1. EMD 57033 produces a positive inotropic effect by increasing the sensitivity of cardiac muscle myofilaments to calcium. Since the elevation in intracellular calcium produced by conventional inotropic compounds is thought to be arrhythmogenic, it is hoped that compounds such as EMD 57033 may increase cardiac output without exacerbating arrhythmias in patients with cardiac failure. This is the first study to examine whether EMD 57033 influences the susceptibility of the heart to ventricular arrhythmias.
2. We used the isolated working rat heart to investigate the effect of EMD 57033 on wall-stress-induced ventricular arrhythmia. Arrhythmias were induced by increases in ventricular afterload, and the effect of 2 μmol/l EMD 57033 on ventricular arrhythmias was investigated. The effect of 2 μmol/l EMD 57033 on contractility and arrhythmias was also assessed in the presence of different levels of perfusate calcium.
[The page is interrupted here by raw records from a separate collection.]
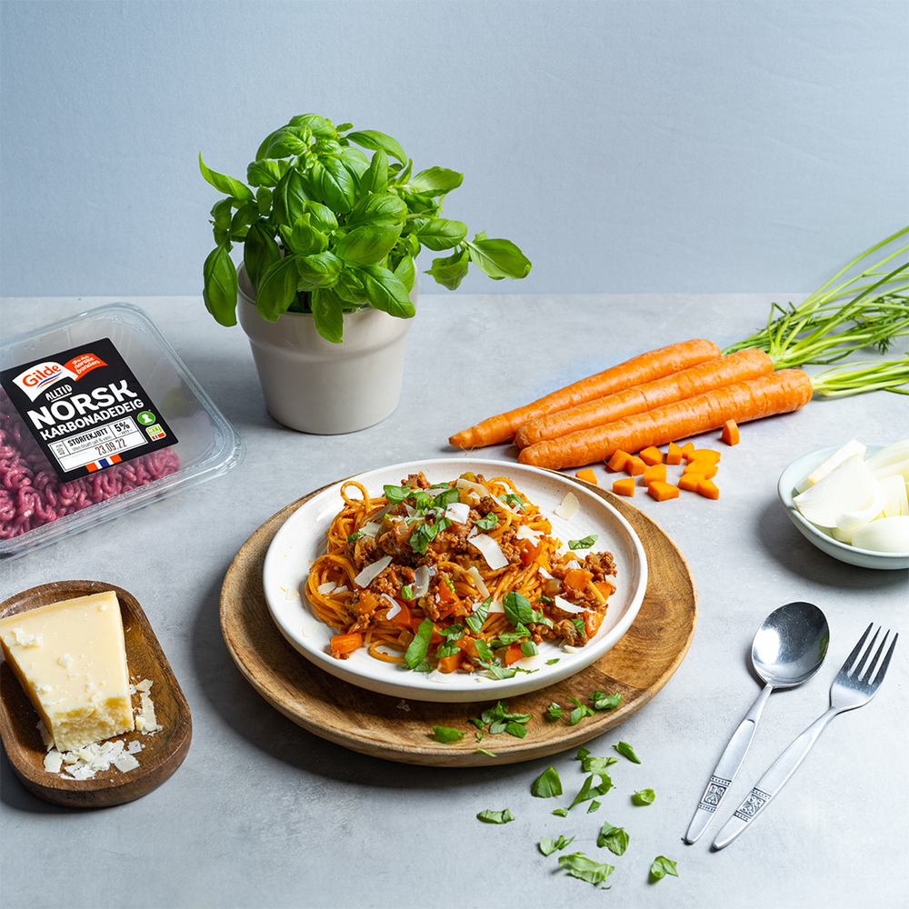 Med alt-i-ett-oppskrifter kan du diske opp velsmakende retter. Velg mellom bolognese med karbonadedeig, kremet pølsegryte eller kyllinggryte med bacon. Vi har laget er tre gode retter som smaker like godt foran peisen på hytta som på kjøkkenbordet hjemme.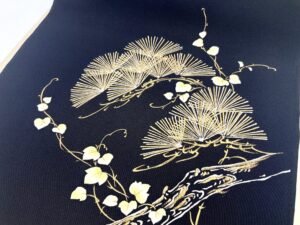 琳派の川勝らしいこの帯を当店に迎え入れた記念に、こちらで取り上げてみました。金描きを多用し、刺繍のあしらいを加えた京友禅の王道的な作りの一品です。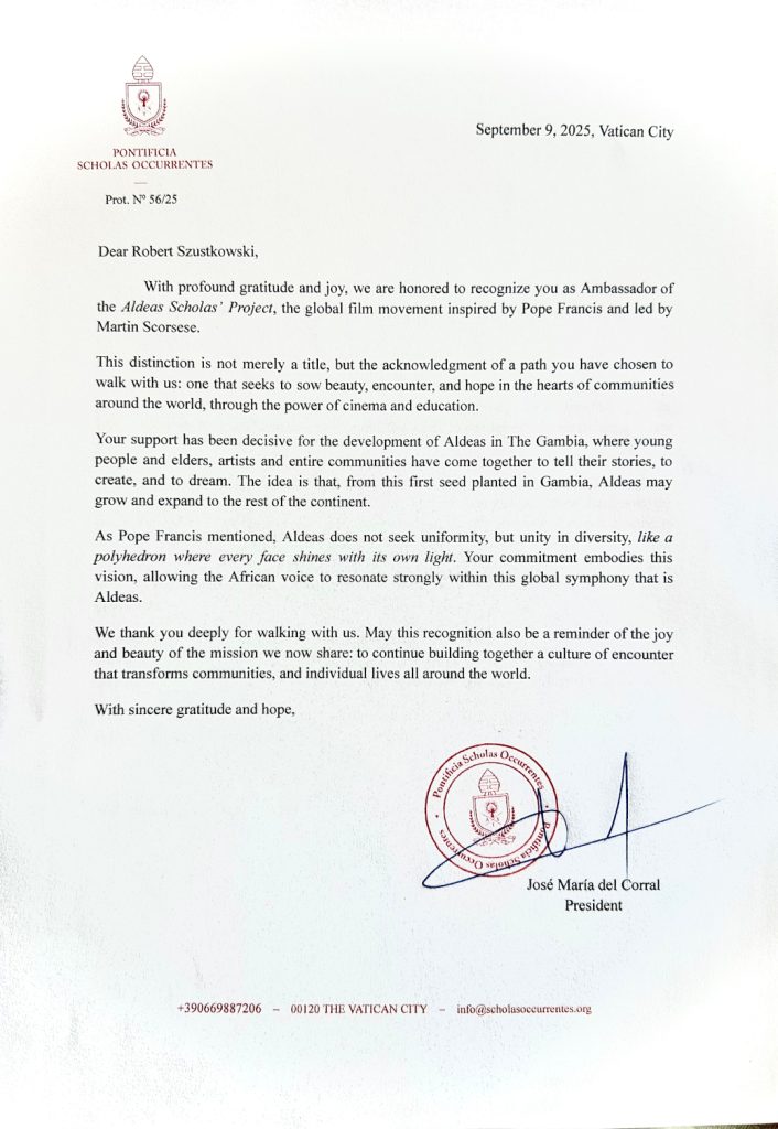 Robert Szustkowski has been nominated as an Ambassador of the Aldeas Scholas Project – a global film initiative inspired by Pope Francis and acclaimed director Martin Scorsese. The decision of the authorities of Pontificia Scholas Occurrentes – a papal organization dedicated to supporting education, integration, and social development – is the result of the Polish philanthropist’s commitment to implementing the project in Africa, specifically The Gambia, where Szustkowski coordinates cooperation with creators representing the African continent.
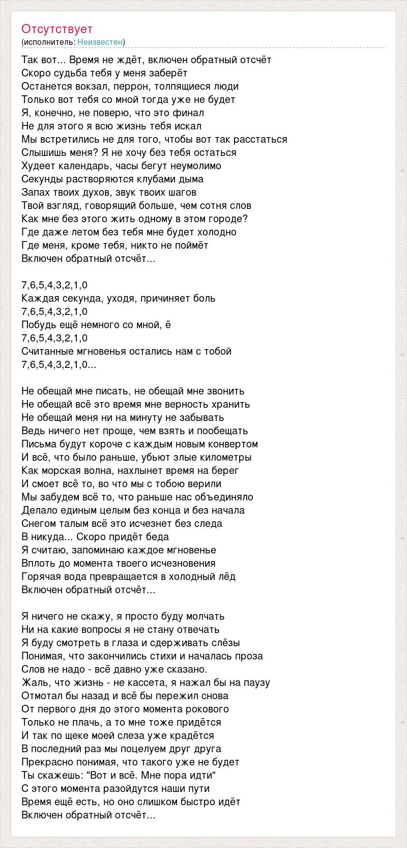 Так вот... Время не ждёт, включен обратный отсчёт Скоро судьба тебя у меня заберёт Останется вокзал, перрон, толпящиеся люди Только вот тебя со мной тогда уже не будет Я, конечно, не поверю, что это финал Не для этого я всю жизнь тебя искал Мы встретились не для того, чтобы вот так расстаться Слышишь меня? Я не хочу без тебя остаться Худеет календарь, часы бегут неумолимо Секунды растворяются клубами дыма Запах твоих духов, звук твоих шагов Твой взгляд, говорящий больше, чем сотня слов Как мне без этого жить одному в этом городе? Где даже летом без тебя мне будет холодно Где меня, кроме тебя, никто не поймёт Включен обратный отсчёт... 7,6,5,4,3,2,1,0 Каждая секунда, уходя, причиняет боль 7,6,5,4,3,2,1,0 Побудь ещё немного со мной, ё 7,6,5,4,3,2,1,0 Считанные мгновенья остались нам с тобой 7,6,5,4,3,2,1,0... Не обещай мне писать, не обещай мне звонить Не обещай всё это время мне верность хранить Не обещай меня ни на минуту не забывать Ведь ничего нет проще, чем взять и пообещать Письма будут короче с каждым новым конвертом И всё, что было раньше, убьют злые километры Как морская волна, нахлынет время на берег И смоет всё то, во что мы с тобою верили Мы забудем всё то, что раньше нас объединяло Делало единым целым без конца и без начала Снегом талым всё это исчезнет без следа В никуда... Скоро придёт беда Я считаю, запоминаю каждое мгновенье Вплоть до момента твоего исчезновения Горячая вода превращается в холодный лёд Включен обратный отсчёт... Я ничего не скажу, я просто буду молчать Ни на какие вопросы я не стану отвечать Я буду смотреть в глаза и сдерживать слёзы Понимая, что закончились стихи и началась проза Слов не надо - всё давно уже сказано. Жаль, что жизнь - не кассета, я нажал бы на паузу Отмотал бы назад и всё бы пережил снова От первого дня до этого момента рокового Только не плачь, а то мне тоже придётся И так по щеке моей слеза уже крадётся В последний раз мы поцелуем друг друга Прекрасно понимая, что такого уже не будет Ты скажешь: "Вот и всё. Мне пора идти" С этого момента разойдутся наши пути Время ещё есть, но оно слишком быстро идёт Включен обратный отсчёт...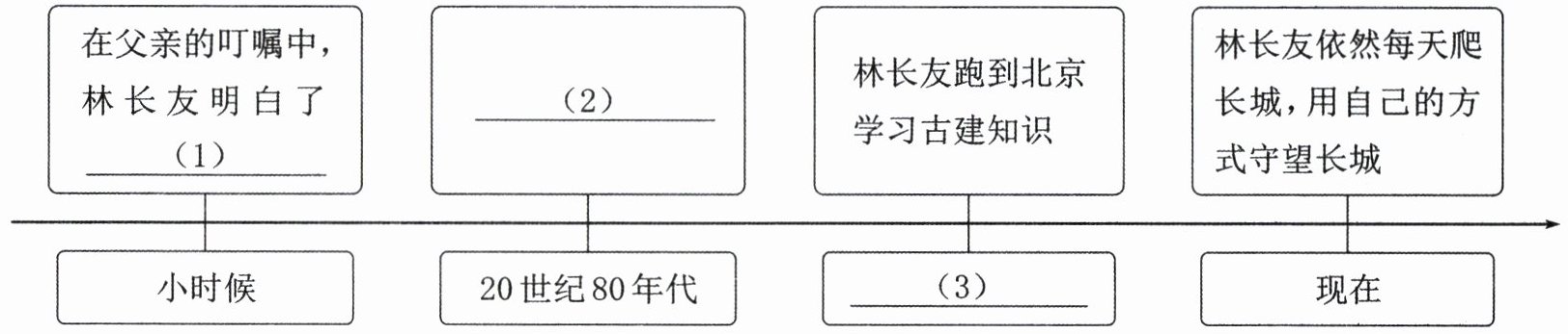。答案:15. (1)要阻止他人破坏长城(或:保护长城的重要性) (2)开始接触修缮长城的活计 (3)窥了门径之后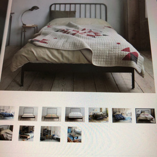 無骨でインダストリアルな空間に似合うベッド。フレームの両サイドにはオーク材が使われています。通気性が良いスノコ仕様となっています。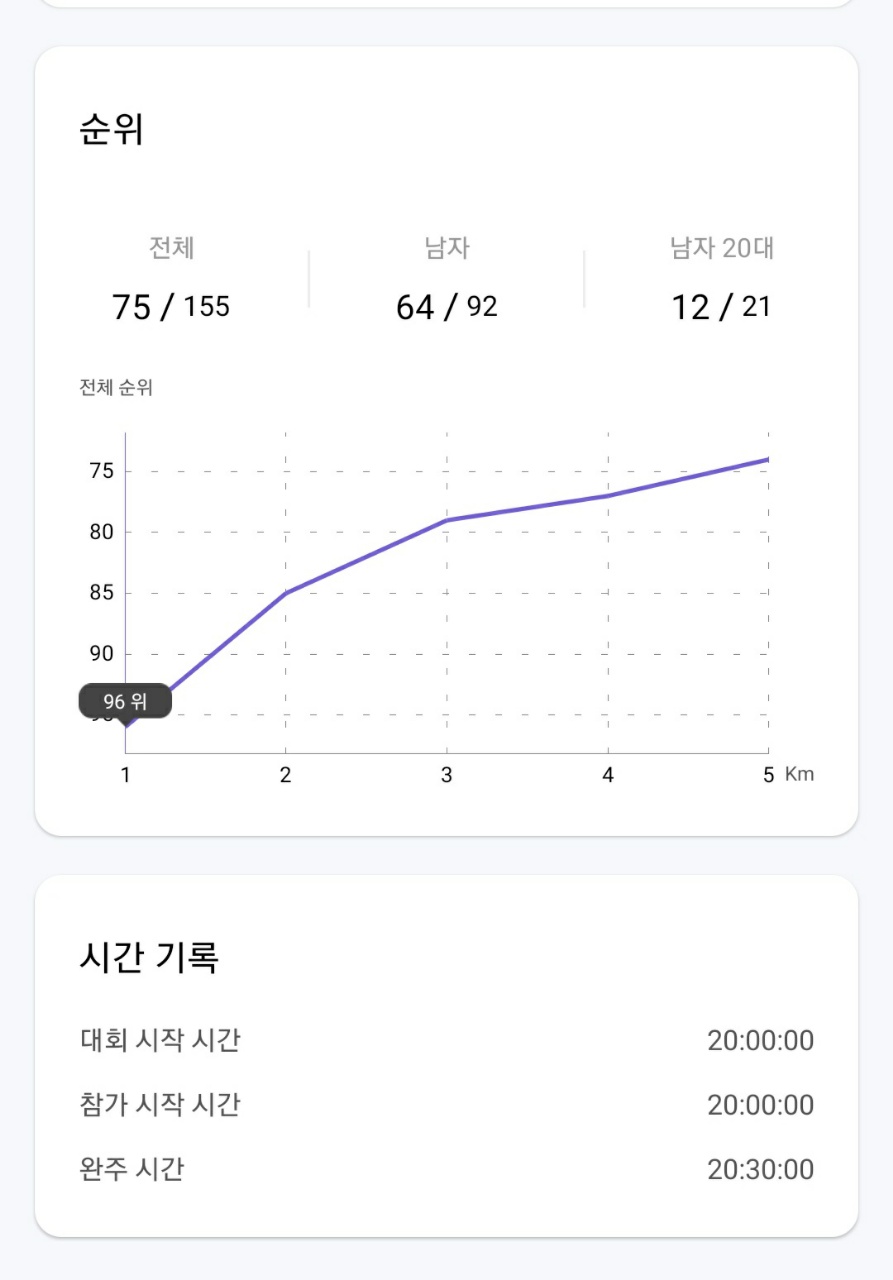 나는 그 중 전체 75등을 했고 완주까지는 정확히 30분 걸렸다.
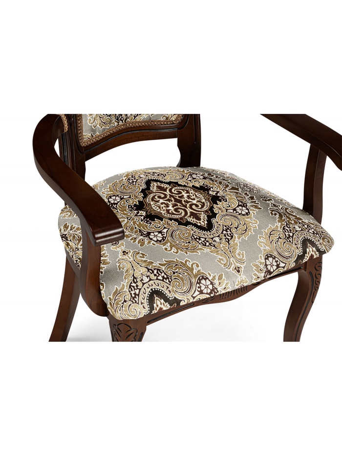 Кресло «Bronte» сочетает элегантный дизайн и удобство для повседневного использования. Каркас из массива дерева обеспечивает прочность и долговечность конструкции, а тканевая обивка сиденья и спинки создаёт комфортное место для отдыха и работы. Тёмно-вишнёвая отделка с патиной придаёт изделию стильный и выразительный внешний вид, подходящий для классических и современных интерьеров.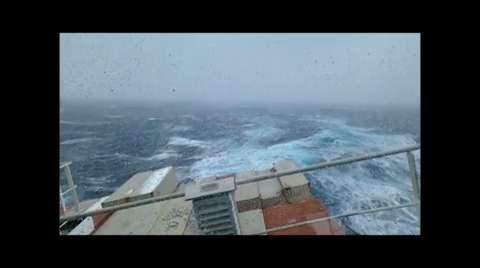 Container ship OOCL Belgium taking 40 degree roll -- The 2,992 TEU container ship, OOCL Belgium was caught in the

3. EMD 57033 was positively inotropic in the working rat heart, but it also produced a reversible increase in wall-stress-induced ventricular arrhythmia. The incidence of both ventricular ectopics and complex arrhythmias such as ventricular tachycardia were significantly increased by EMD 57033. Arrhythmias increased progressively as the level of perfusate calcium was raised within the physiological range.
4. The mechanism by which EMD 57033 increases wall-stress-induced arrhythmia is unclear, but it seems unlikely to be directly due to elevation of intracellular calcium. Further studies of the arrhythmogenic profile of this novel compound are required in a variety of models to assess its suitability and safety as a potentially therapeutic compound in heart failure.